Task goal ->
Print out each entry below exactly; do not carry over any image.
══ Source material
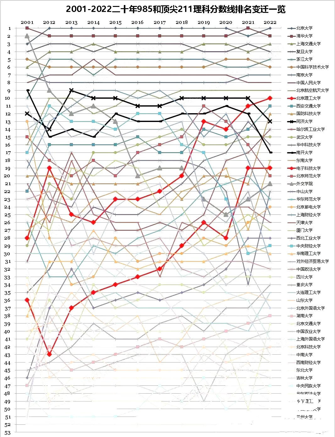 今天北京admw360教研组为大家整理了近10年国内985和顶尖211理科分数线排名变迁一览!一起来看:
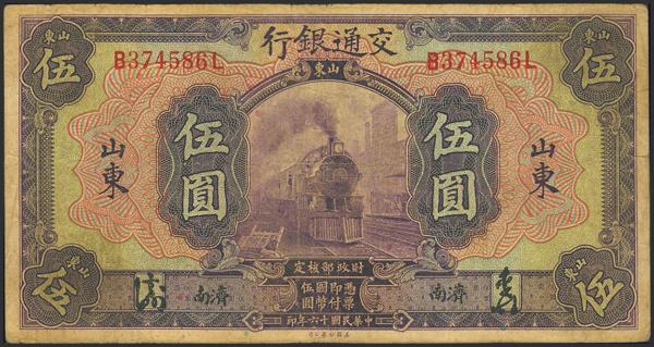 CHINA. 5 Yuan. 1 November 1927. Bank of Communication. Tsinan / Shantung. (Pick: 146Cd). Fine.
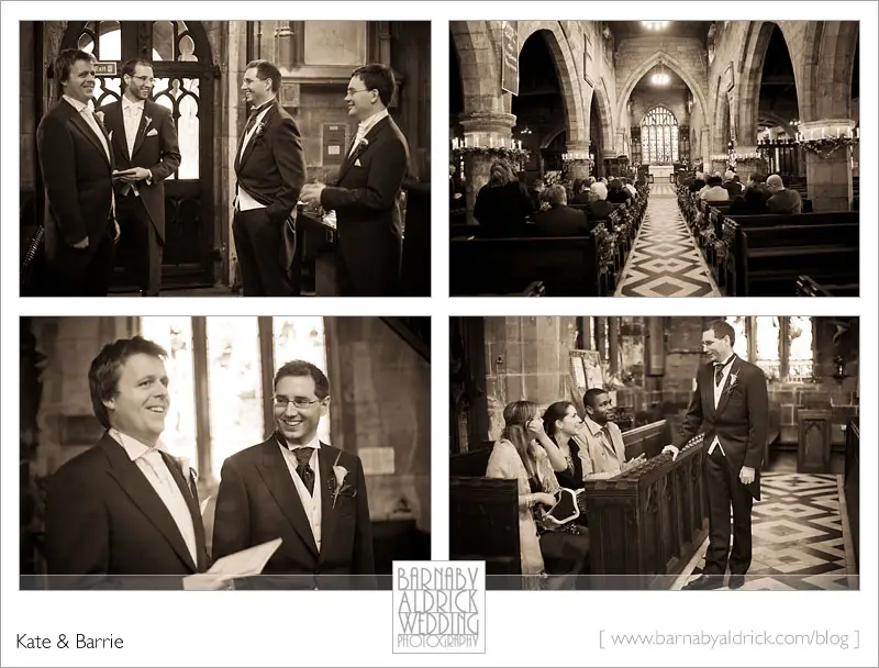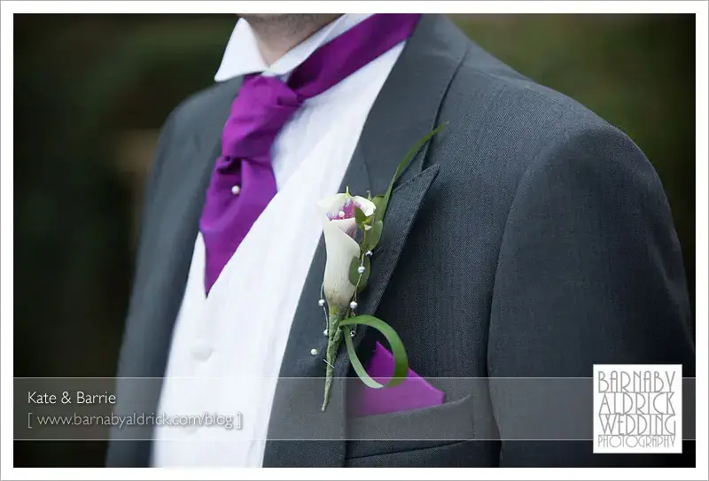Kate & Barrie Hazlewood Castle Winter Wedding Photography by Barnaby AldrickClare joined Barrie & the guys at the church beforehand.  I love the colour scheme and creative buttonhole.
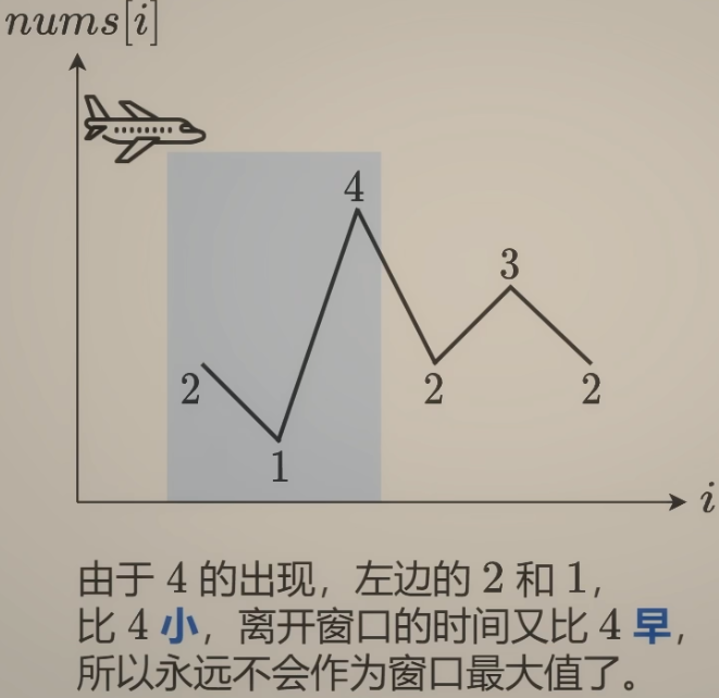 nums。对于每个元素,执行以下操作:- 检查队列的头部元素(即最大值候选)是否还在滑动窗口内。如果不在(即它是窗口左侧即将移出的元素),则从队列头部移除。
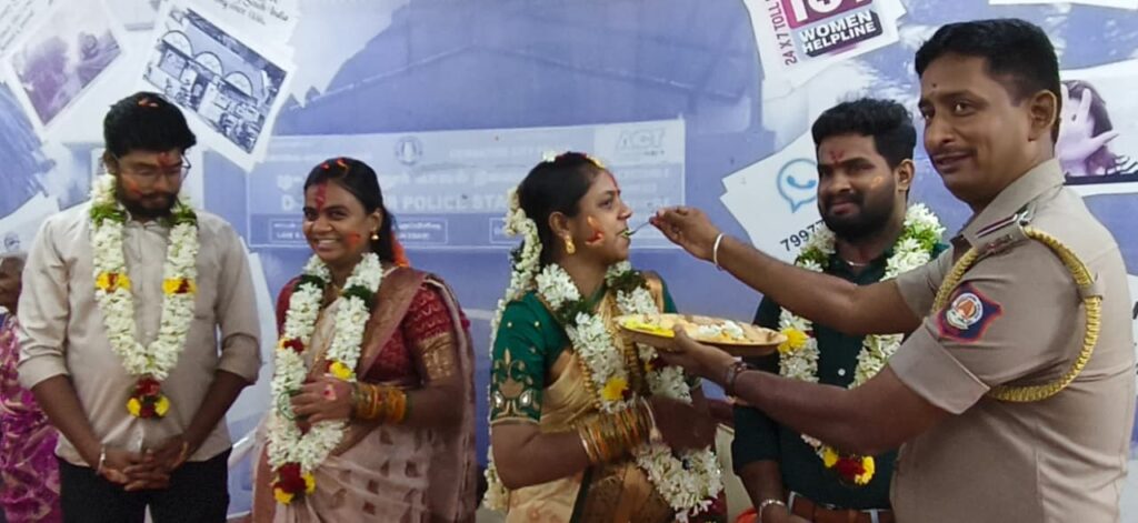 நிகழ்ச்சியில், இரு தம்பதியினரும் மரியாதையுடன் அமர்த்தப்பட்டு, காவல்துறை அதிகாரிகள் அவர்களுக்கு பாரம்பரிய முறையில் பட்டு சேலை ,வேட்டி சட்டை பழங்கள்
════
Output for this exercise ->
 今天北京admw360教研组为大家整理了近10年国内985和顶尖211理科分数线排名变迁一览!一起来看:
 CHINA. 5 Yuan. 1 November 1927. Bank of Communication. Tsinan / Shantung. (Pick: 146Cd). Fine.
Kate & Barrie Hazlewood Castle Winter Wedding Photography by Barnaby AldrickClare joined Barrie & the guys at the church beforehand.  I love the colour scheme and creative buttonhole.
 nums。对于每个元素,执行以下操作:- 检查队列的头部元素(即最大值候选)是否还在滑动窗口内。如果不在(即它是窗口左侧即将移出的元素),则从队列头部移除。
 நிகழ்ச்சியில், இரு தம்பதியினரும் மரியாதையுடன் அமர்த்தப்பட்டு, காவல்துறை அதிகாரிகள் அவர்களுக்கு பாரம்பரிய முறையில் பட்டு சேலை ,வேட்டி சட்டை பழங்கள்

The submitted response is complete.